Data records
┏━━
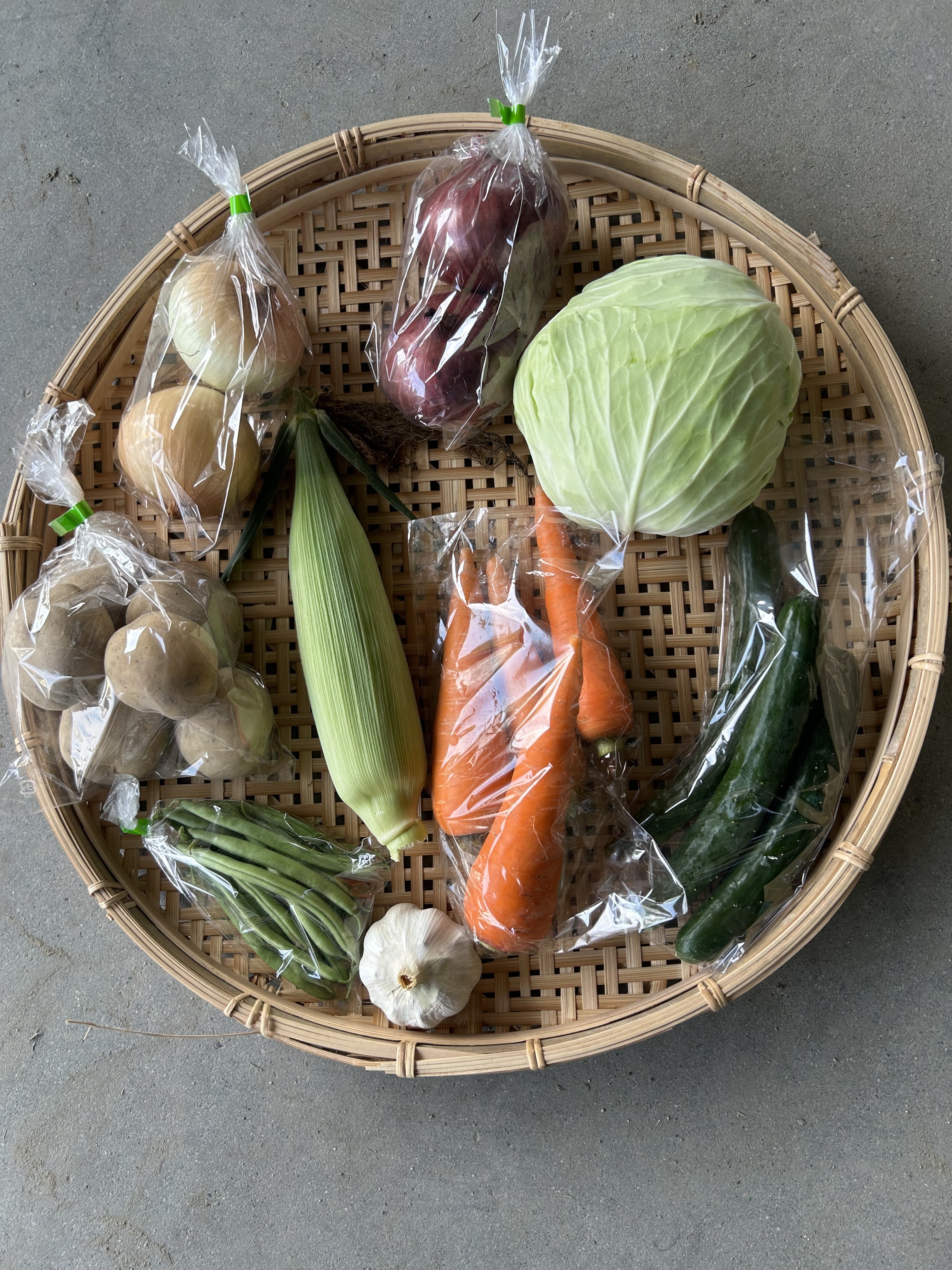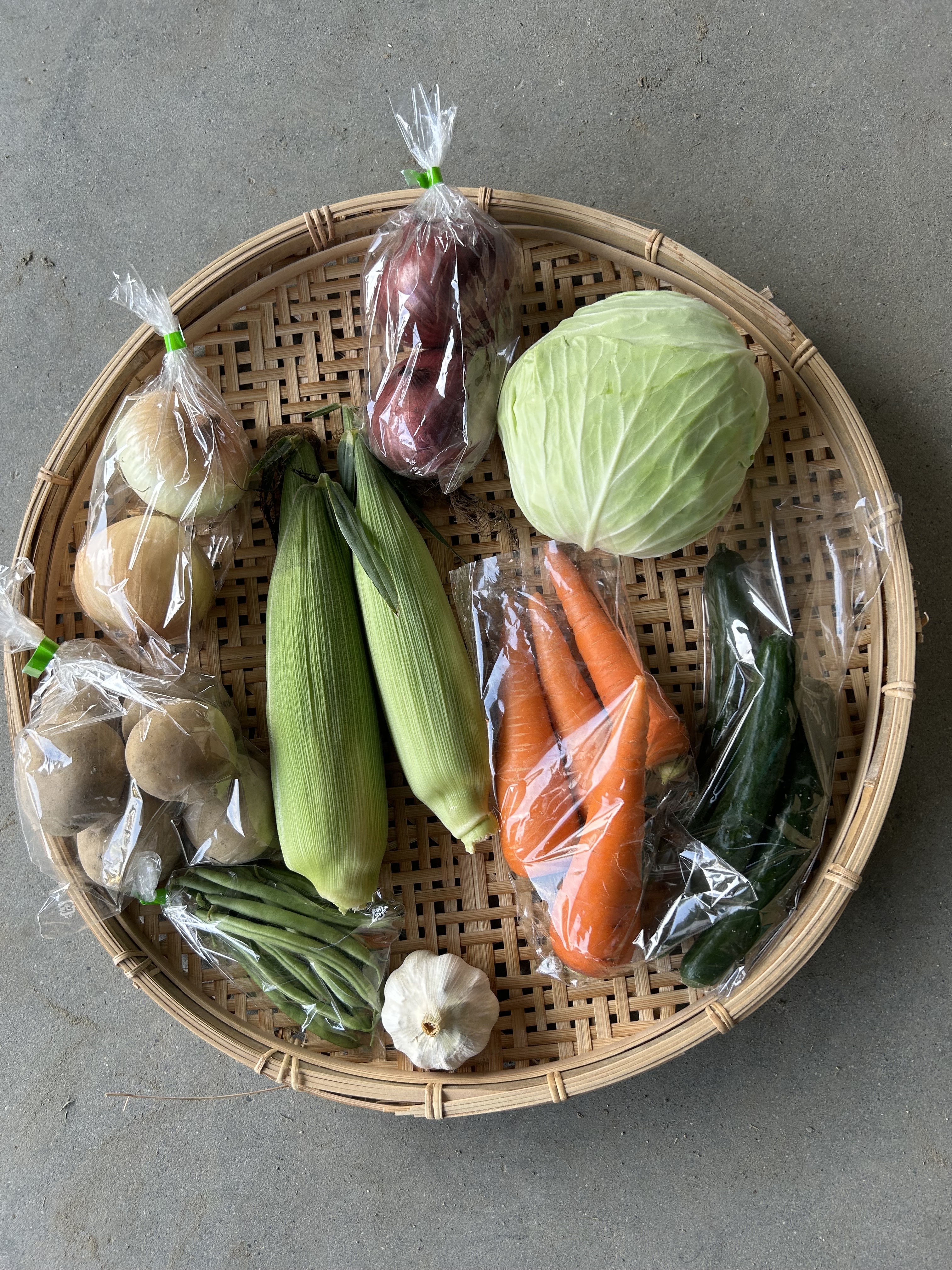 トウモロコシ、三度豆、キャベツ、人参、きゅうり、新ニンニク、赤玉ねぎ、玉ねぎ、じゃがいも
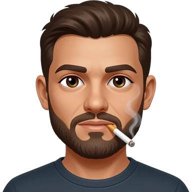 Hombre moreno con barba gordito ojos verdes fumando emoji
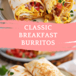 Classic breakfast burritos are a hearty and customizable morning meal featuring scrambled eggs, crispy bacon or sausage, golden potatoes, cheese, and salsa all wrapped in a warm flour tortilla. Perfect for meal prep and on-the-go breakfasts.
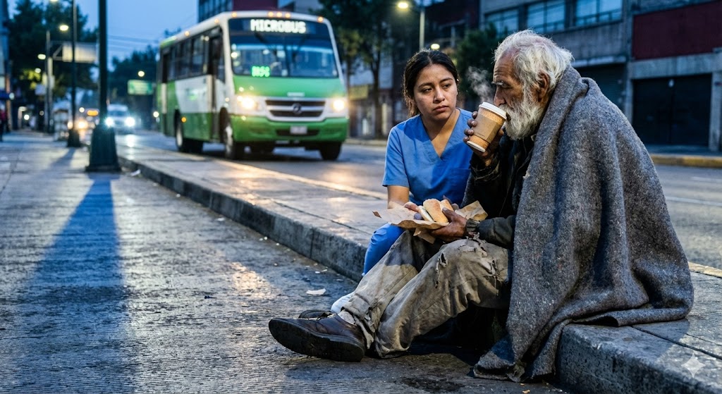 Siempre en el mismo lugar, sobre un cartón aplanado de refrigerador, envuelto en una cobija de lana que alguna vez debió ser gris pero ahora era del color del asfalto. Tenía 68 años, la barba blanca y desaliñada, y la piel curtida por el sol y el smog de la ciudad. Para el resto del mundo, Don Jorge era invisible. La gente pasaba a su lado acelerando el paso, cruzaban la calle para no olerlo, o simplemente fingían que ese bulto de ropa vieja no era un ser humano.
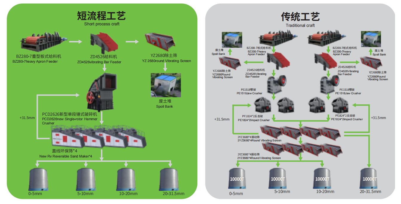 項(xiàng)目生產(chǎn)線采用鑫金山特有的高效節(jié)能短流程工藝,實(shí)現(xiàn)傳統(tǒng)多臺(tái)破碎機(jī)的產(chǎn)量,破碎比大,一次成型率高達(dá)80%的特性,生產(chǎn)工藝中無需配置回料破,進(jìn)一步節(jié)約了場(chǎng)地與能耗,大幅減少配套設(shè)備、土建、非標(biāo)、鋼構(gòu)、電氣等投入。同時(shí),揚(yáng)塵點(diǎn)與檢修點(diǎn)也相應(yīng)減少,降低了環(huán)保與檢修壓力。
┗━━
**Your task**
Set down exactly and only the lines from the start of the entries above through the line containing "Classic breakfast burritos", both ends included, omitting the pictures.

**Task response**
 トウモロコシ、三度豆、キャベツ、人参、きゅうり、新ニンニク、赤玉ねぎ、玉ねぎ、じゃがいも
 Hombre moreno con barba gordito ojos verdes fumando emoji
 Classic breakfast burritos are a hearty and customizable morning meal featuring scrambled eggs, crispy bacon or sausage, golden potatoes, cheese, and salsa all wrapped in a warm flour tortilla. Perfect for meal prep and on-the-go breakfasts.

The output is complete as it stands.